# RAW DATA

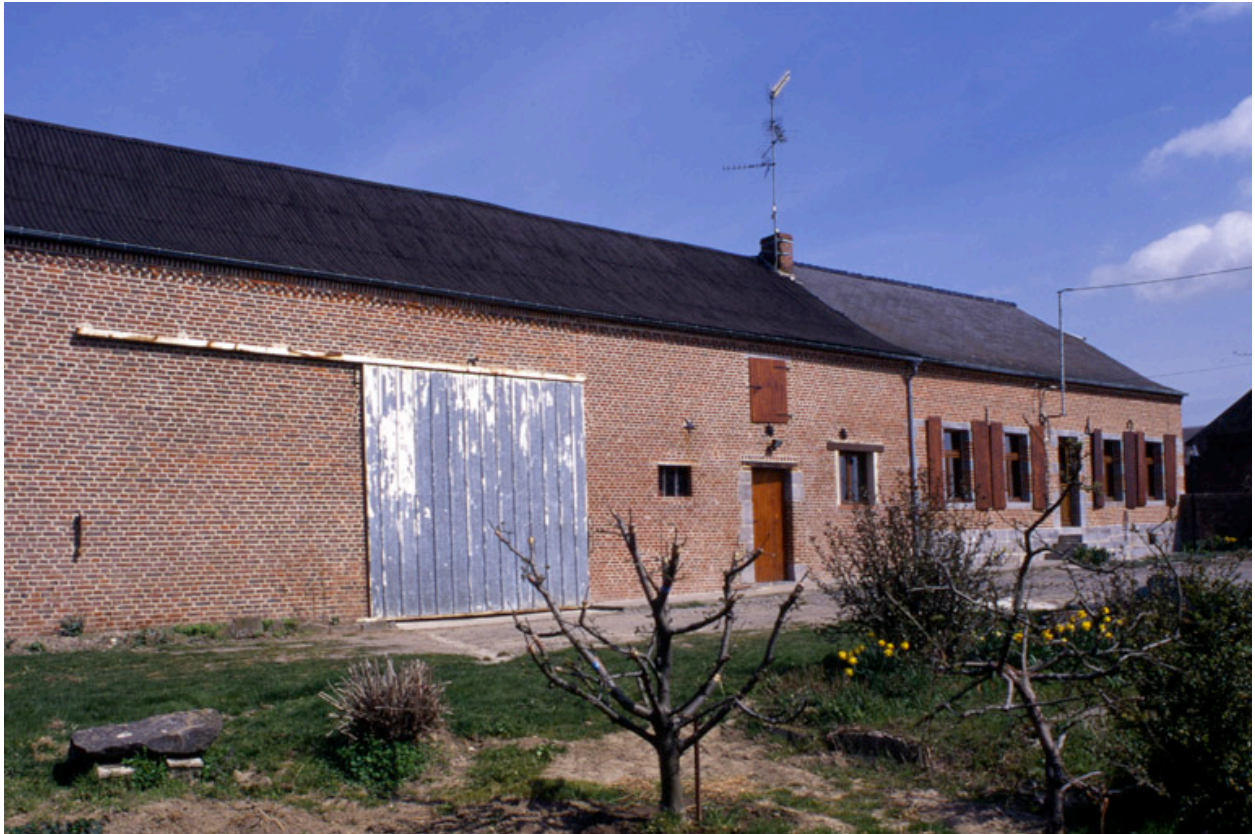
Fesmy-le-Sart, ancienne ferme (étudiée), la Carrière-Etreux, 13 rue Carrière-Etreux.
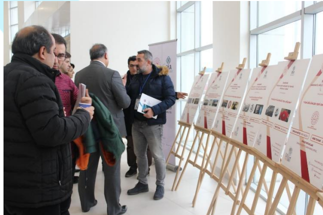
Şekil 4: Mesleki ve Teknik Liseler Proje Pazarı
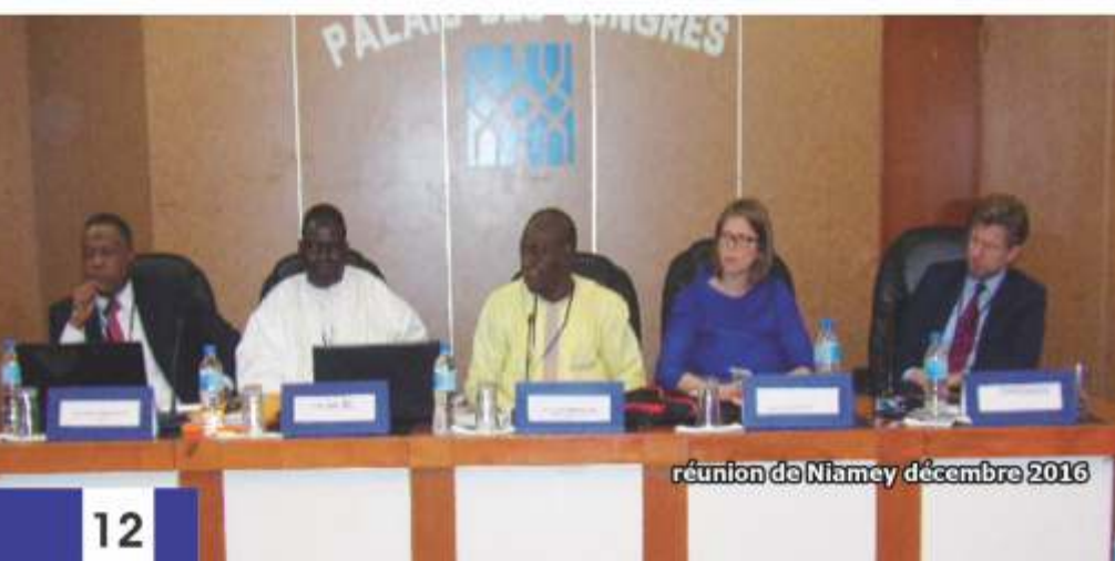
réunion de Niamey décembre 2016

Conscient de cette situation, le G5 Sahel avant même sa création officielle, a entrepris avec l'aide de certains de ses partenaires, quelques actions qui s'inscrivent dans sa vision des réponses innovantes à apporter au phénomène de l'insécurité dans le Sahel. à titre d'illustration on peut signaler le Projet " Développement d'Initiatives Intégrées pour la Jeunesse ", la Cellule Régionale de lutte contre la radicalisation, le projet d'Etude pour la formulation de la Stratégie Intégrée des Jeunes du G5Sahel. Pour bien comprendre le lien de complémentarité entre le volet défense et sécurité et les trois autres axes retenus par la Stratégie pour le Développement et la Sécurité (SDS) du G5 Sahel, il importe de rappeler l'importance accordée à ces derniers par le Programme d'Investissements Prioritaires : - le volet Infrastructures qui représente en termes de montants à investir plus de 70% du PIP, permet de contribuer à l'amélioration des conditions de vie des populations vulnérables en favorisant leur accès aux opportunités économiques et sociales : - le volet Résilience contribue au renforcement de la résilience des communautés vivant dans les zones transfrontalières enclavées et exposées aux effets néfastes du changement climatique.

# WHAT THE TASK REQUIRES
Return the complete material above exactly, with no picture.

# OUTPUT FOR THIS TASK
Fesmy-le-Sart, ancienne ferme (étudiée), la Carrière-Etreux, 13 rue Carrière-Etreux.
Şekil 4: Mesleki ve Teknik Liseler Proje Pazarı
réunion de Niamey décembre 2016

Conscient de cette situation, le G5 Sahel avant même sa création officielle, a entrepris avec l'aide de certains de ses partenaires, quelques actions qui s'inscrivent dans sa vision des réponses innovantes à apporter au phénomène de l'insécurité dans le Sahel. à titre d'illustration on peut signaler le Projet " Développement d'Initiatives Intégrées pour la Jeunesse ", la Cellule Régionale de lutte contre la radicalisation, le projet d'Etude pour la formulation de la Stratégie Intégrée des Jeunes du G5Sahel. Pour bien comprendre le lien de complémentarité entre le volet défense et sécurité et les trois autres axes retenus par la Stratégie pour le Développement et la Sécurité (SDS) du G5 Sahel, il importe de rappeler l'importance accordée à ces derniers par le Programme d'Investissements Prioritaires : - le volet Infrastructures qui représente en termes de montants à investir plus de 70% du PIP, permet de contribuer à l'amélioration des conditions de vie des populations vulnérables en favorisant leur accès aux opportunités économiques et sociales : - le volet Résilience contribue au renforcement de la résilience des communautés vivant dans les zones transfrontalières enclavées et exposées aux effets néfastes du changement climatique.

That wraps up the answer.